Actually feeling a load better. Went to the grave which was awful, hate going and won't go again until my mum forces me. Cried on my mum. Came home, had lunch, lay down, ds came in for a snuggle and fell asleep with me and I just lay hugging him, reminded me what's important and what's not.
So, I'm realising that I'm at the stage where I'm getting to know LM pretty well warts and all. Everyone has their limitations and bad points and some of his are becoming more apparent now (as are mine, probably). But, and this is a big but, both of us have been having a bad time of it lately. When things started getting difficult last year with his health problems, I said to myself that I wanted to get all the shit out of the way (hospital, dad stuff, shop) and see how we go under normal circumstances. The shop should be open in the next week or so and he'll be working again properly which should make a huge difference to him. I want to see what happens then and how he is with at least some of the stress taken off his shoulders. It's only a couple if weeks to wait so not like I'm hanging on forever.
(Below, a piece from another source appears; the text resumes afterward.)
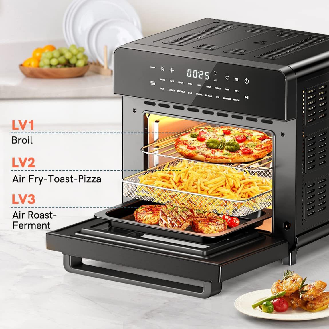 - تحتوي على 18 إعدادات معدة مسبقاً لتلبية كافة إحتياحاتكم وهي متعددة الاستخدامات (مثل القلي الهوائي ، الشوي، الخبز، إعداد البيتزا، وشوية الدجاج).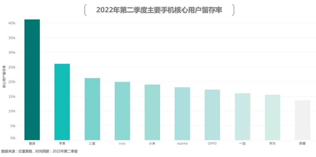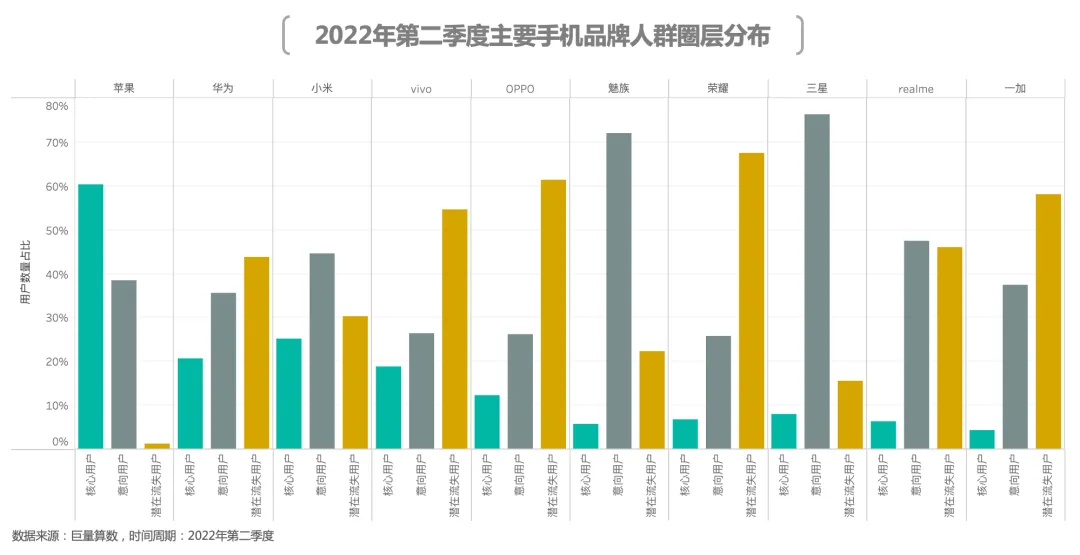 用户购买持机是对品牌最大的认可,而在平台中的点赞行为也许是用户兴趣最为直接的体现。因此,我们根据用户的持机、点赞状态,对品牌人群圈层进行了划分:从本季度各个品牌人群圈层分布看,大致可分为三类品牌:苹果独占一类,核心用户占比接近60%,同时有着相当可观的意向用户,并且潜在流失用户比例也维持在较低水平。

There's still the health issue though. I don't want to make excuses for crappy behaviour, but he has had some rotten luck over the last year. There is more going on than I can post about on here as well, which is also major stuff. I'm actually surprised he's kept things going as well as he has done.
I'm not impressed by what he's done and he knows that. I'm pleased I stuck up for myself and said that to him and that he admitted I was right. That's a real step in the right direction for me. I also want to talk to him about this stuff but at the right time face to face.